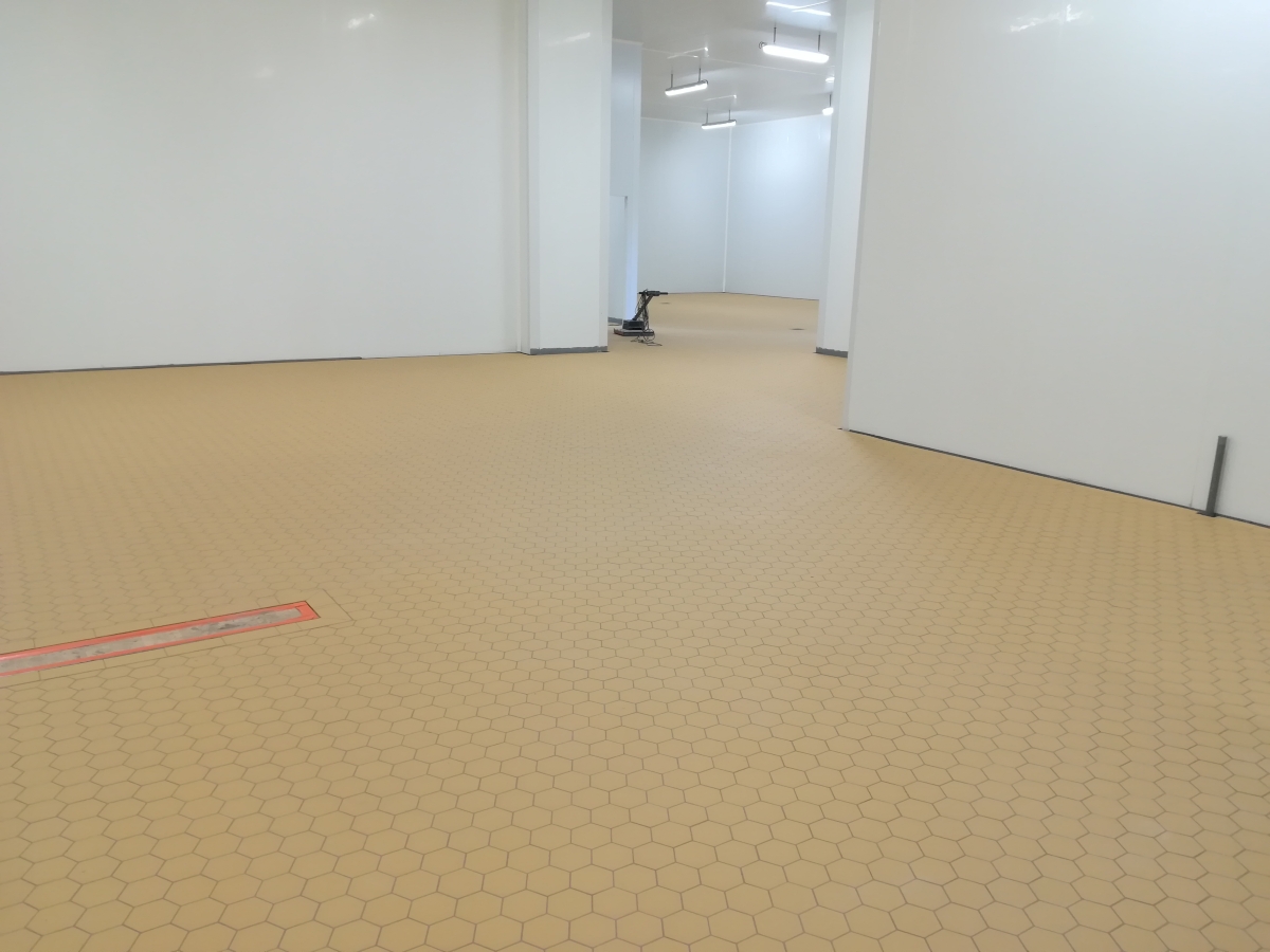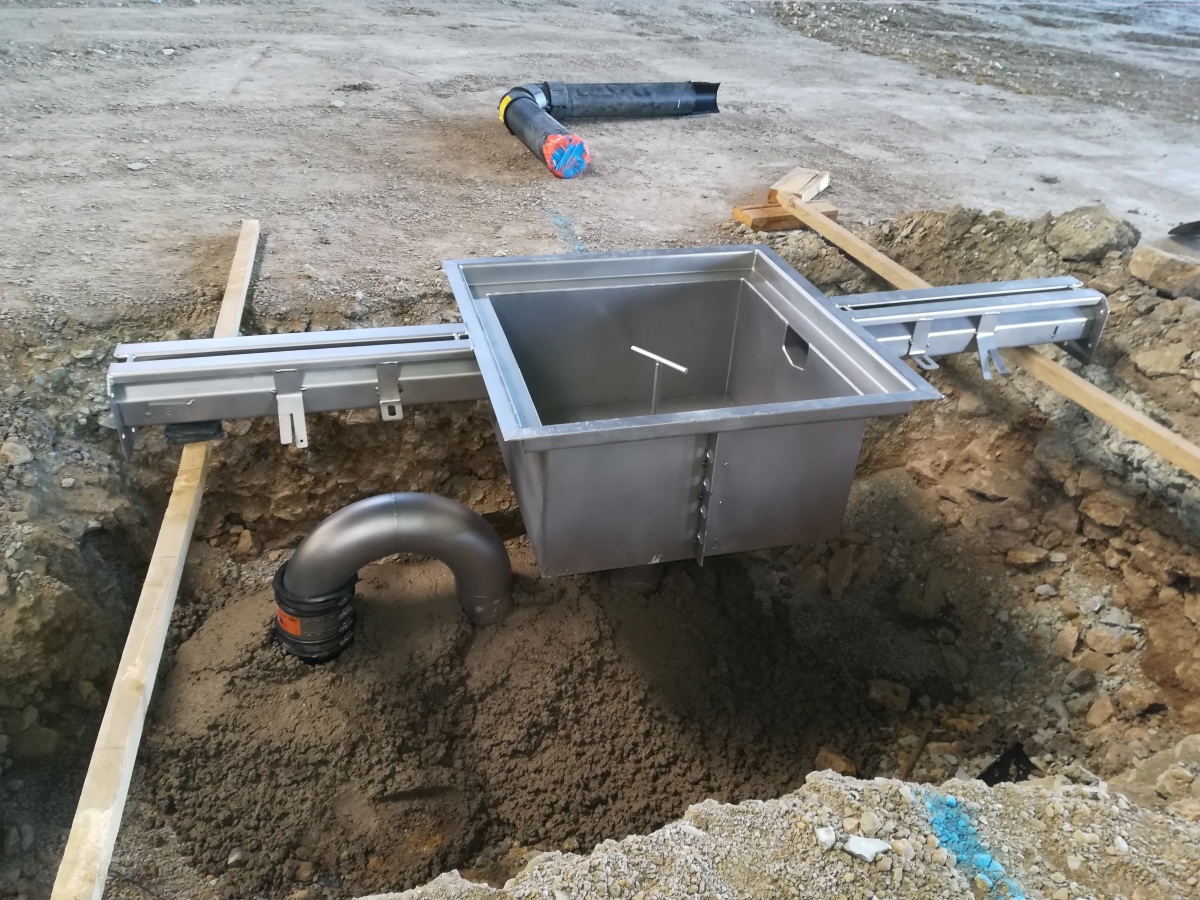 -> 80 siphons de sol inox posés, avec des pentes étudiées pour garantir l’hygiène et l’écoulement.
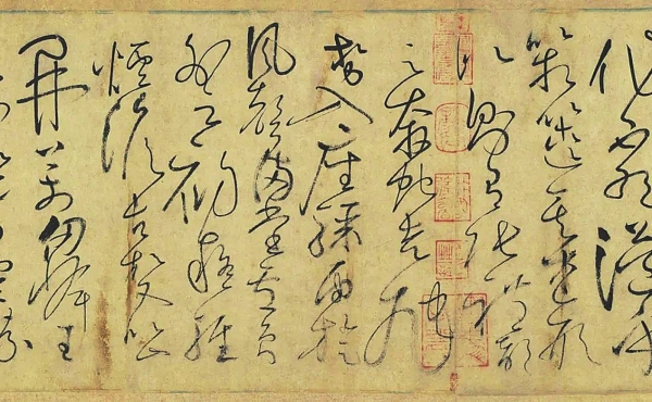 《四十二章经》,则是怀素禅意与狂草的浑然天成。唐大历十三年(778年),秋意渐浓时,怀素云游至南雁荡山。他尽情观赏了雁荡的奇峰、怪石、巨嶂、飞瀑,与高僧深入探讨佛经,品尝山中生态美食,心境惬意。仰慕怀素大名的精舍住持索书留念时,怀素欣然抄写了小乘经典《四十二章经》。《四十二章经》书卷中,狂草奇幻无形,恍如笔走风雷,满卷游龙委蛇。
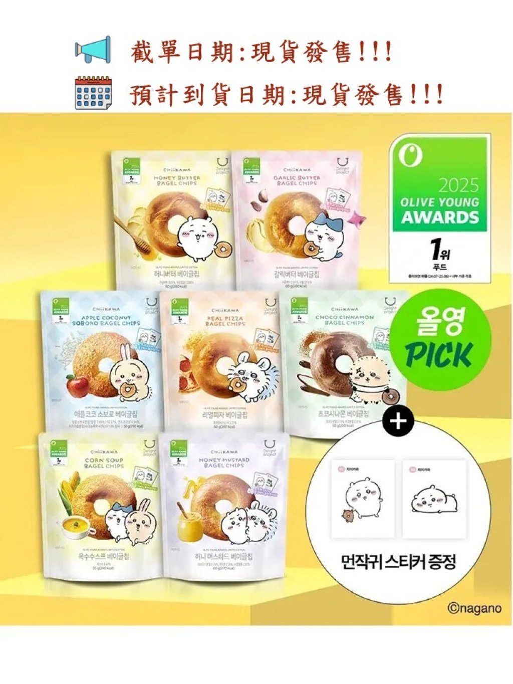 Chiikawa × Olive Young 排行第一位🥇🎉 限定版貝果脆片 7 款口味 +
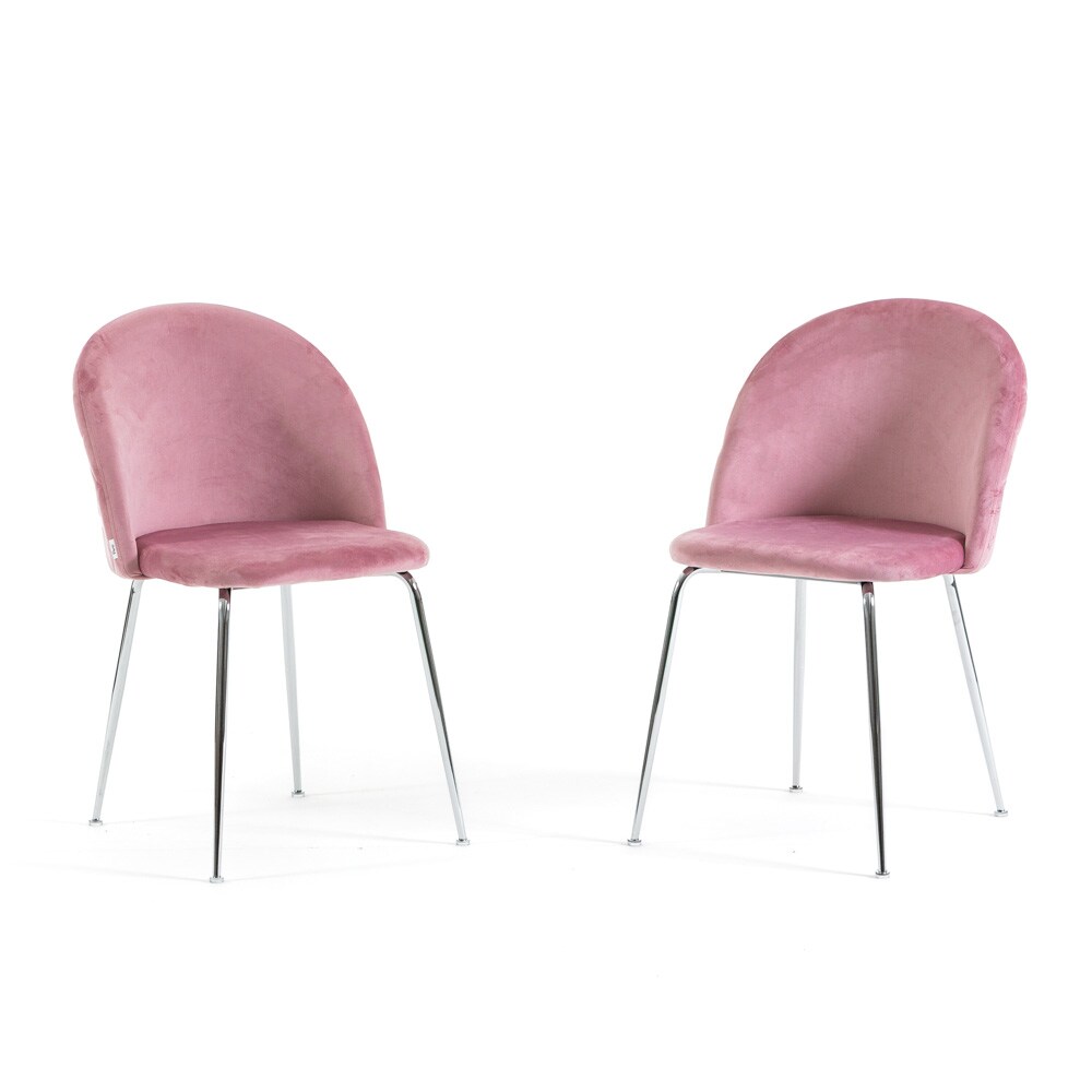 RATTATAN Set aus 2 Innenstühlen aus Samt, gepolstert, mit Metallbeinen, elegantes Design für Esszimmer, Bar und Restaurant – Sara – Rosa/Silber
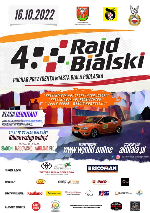 KJS 4 Rajd Bialski rozgrywany jest także jako 2 Runda Samochodowych Mistrzostw Automobilklubu Bialskopodlaskiego i 5 Runda Pucharu Prezesa Automobilklubu Bialskopodlaskiego. Wystartować może każdy posiadacz prawa jazdy kategorii B. Specjalnie z myślą o osobach chcących spróbować swoich sił pierwszy raz utworzono "klasę debiutant", do której trafią tylko seryjne auta kierowane przez osoby nie klasyfikowane dotychcasz w rajdach. Zapisy na stronie www.wyniki.online.Szczegółowe informacje na stronie organizatora Automobilklubu Bialskopodlaskiego.
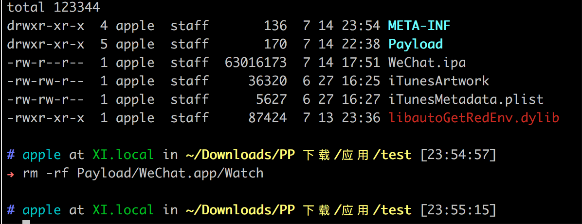 总之终于是成功了,但是如果不删微信里面 Watch 文件夹而用 AppResign 直接重签的话是不能最后安装成功的,估计重签逻辑还是有一些遗漏吧。反正 Watch 多半也是跟 iWatch 相关的功能,我也用不上就没细看了。
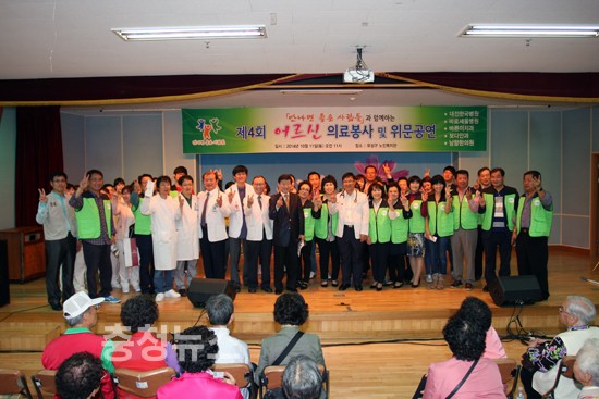 이날 유성노인복지관에서 제4회 의료 봉사 및 위문 잔치에는 5백여명의 유성구 노인들이 동참한 가운데 프로그램구성은 1부 어르신들에게 식사 봉양, 2부 가수와 춤꾼들의 공연, 3부 의료 봉사 순으로 진행됐다.
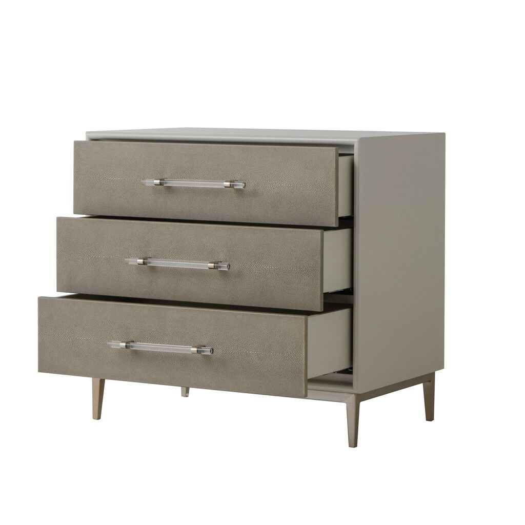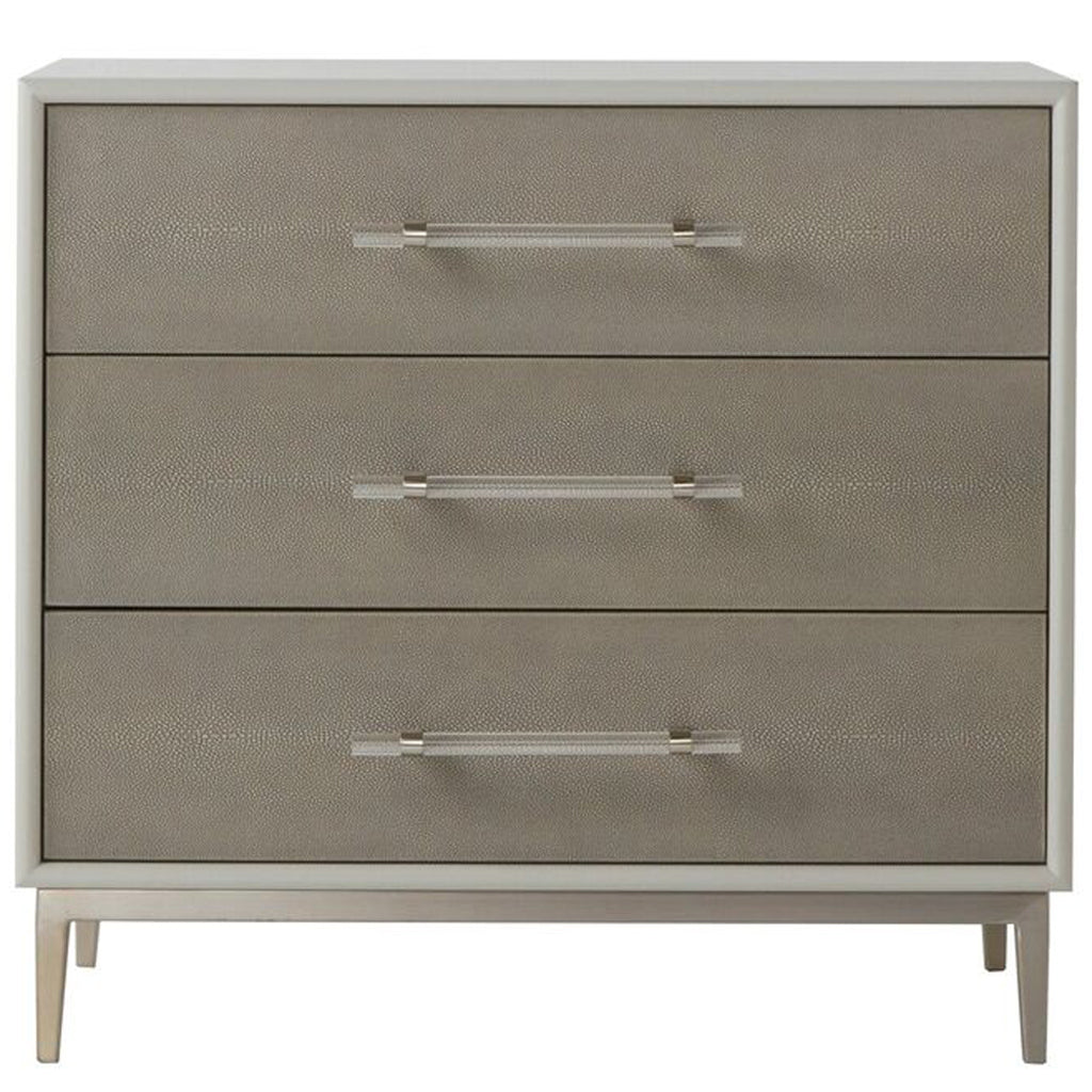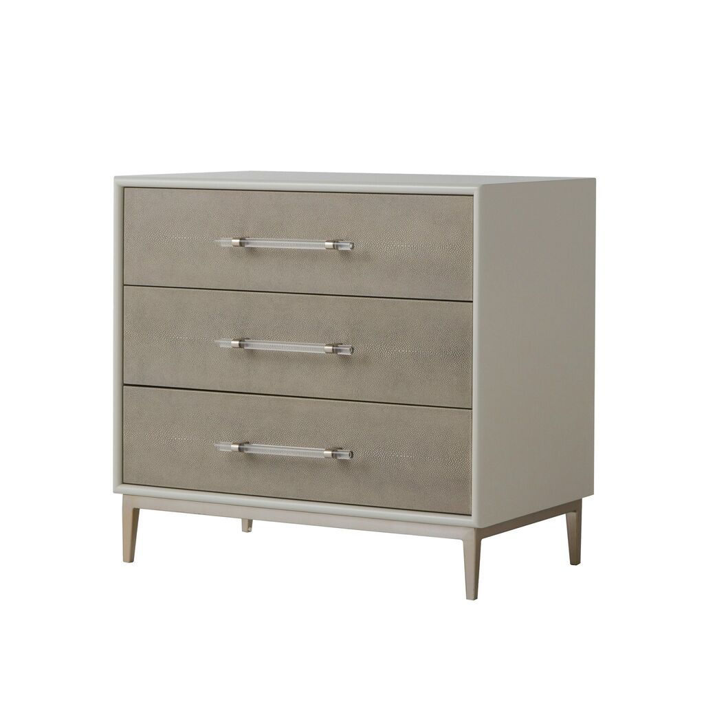Stylishly formed; this three-drawer nightstand is a versatile piece for both contemporary and traditional interiors. The elegant metal frame contrasts perfectly with luxurious faux shagreen drawer fronts. Solid perspex handles complete its look giving it an extra chic touch. Pairs particularly well next to the Alice Bed. Due to the nature of shagreen, the coloring may vary from one piece to another, these differences add to the natural beauty of the product. The color may also vary with time.
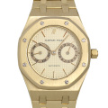 - 素材にイエローゴールドを使用したゴージャスな“ロイヤルオーク”です。宝飾メーカーの金無垢モデルと比較しても遜色のないデザインではないでしょうか。9時側インダイアルの月名表示はフランス語となっております。流通量が少なく、年々稀少性が高まっているモデルです。
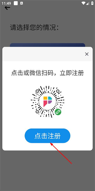 3、在注册弹窗中使用微信扫码后点击注册按钮,完成新用户的注册操作。
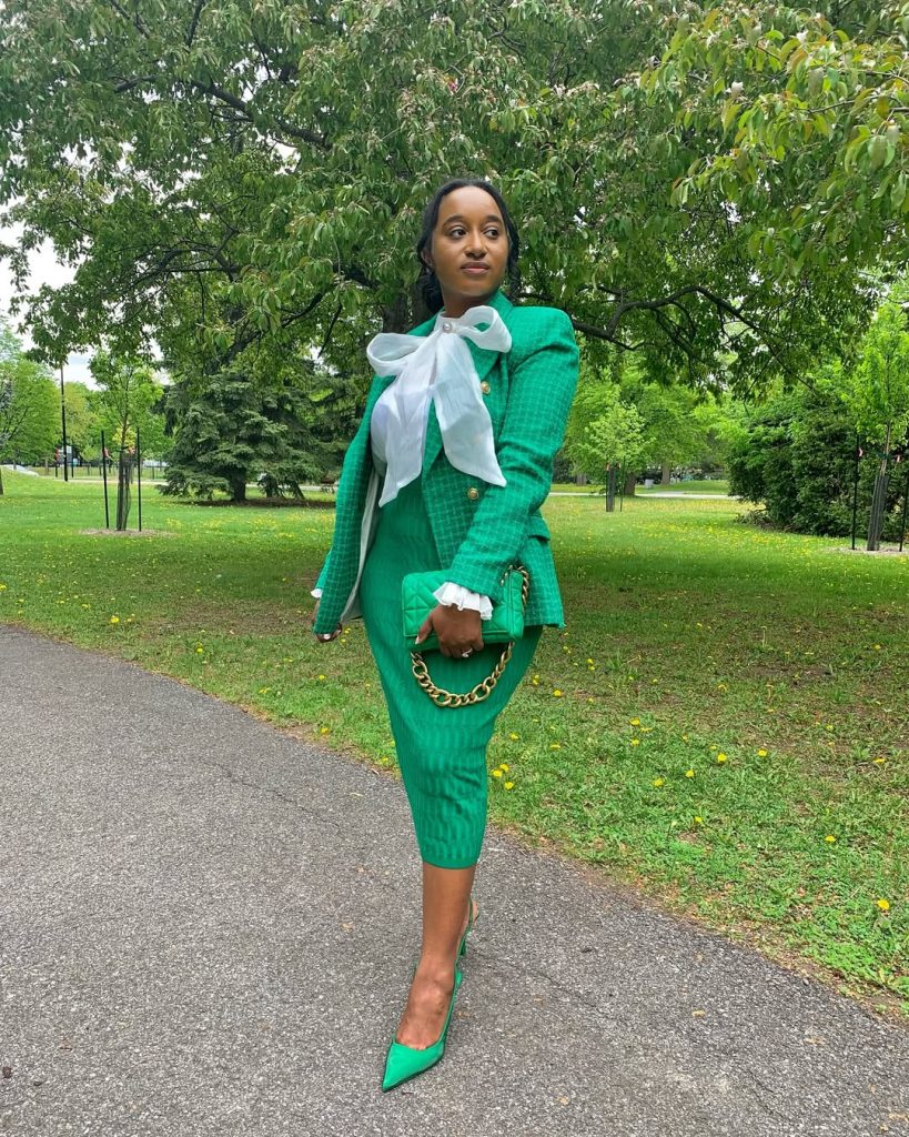 A tailored green tweed skirt suit paired with dramatic bows channels polished confidence with runway-ready flair.
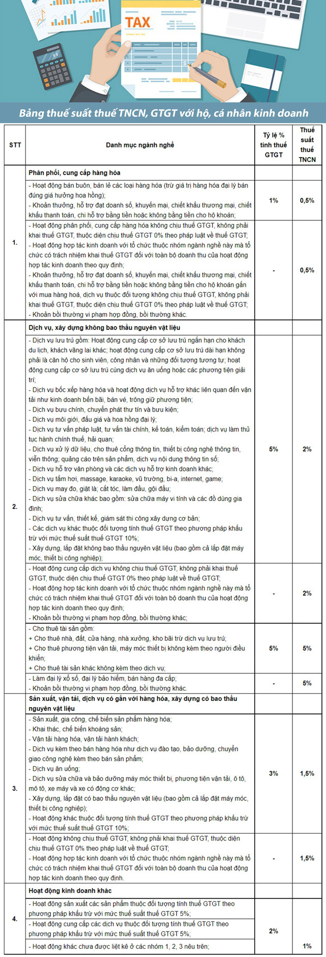 Theo đó, Bộ Tài chính đã công bố danh mục ngành nghề tính thuế GTGT và thuế TNCN theo tỷ lệ phần trăm trên doanh thu đối với từng nhóm hộ kinh doanh, cá nhân kinh doanh cụ thể.
=-=-=
The answer is the lines above from the one with "이날 유성노인복지관에서 제4회" to the one with "A tailored green", set down exactly, with no pictures.

### [COMPLETED TASK]
 이날 유성노인복지관에서 제4회 의료 봉사 및 위문 잔치에는 5백여명의 유성구 노인들이 동참한 가운데 프로그램구성은 1부 어르신들에게 식사 봉양, 2부 가수와 춤꾼들의 공연, 3부 의료 봉사 순으로 진행됐다.
Stylishly formed; this three-drawer nightstand is a versatile piece for both contemporary and traditional interiors. The elegant metal frame contrasts perfectly with luxurious faux shagreen drawer fronts. Solid perspex handles complete its look giving it an extra chic touch. Pairs particularly well next to the Alice Bed. Due to the nature of shagreen, the coloring may vary from one piece to another, these differences add to the natural beauty of the product. The color may also vary with time.
 - 素材にイエローゴールドを使用したゴージャスな“ロイヤルオーク”です。宝飾メーカーの金無垢モデルと比較しても遜色のないデザインではないでしょうか。9時側インダイアルの月名表示はフランス語となっております。流通量が少なく、年々稀少性が高まっているモデルです。
 3、在注册弹窗中使用微信扫码后点击注册按钮,完成新用户的注册操作。
 A tailored green tweed skirt suit paired with dramatic bows channels polished confidence with runway-ready flair.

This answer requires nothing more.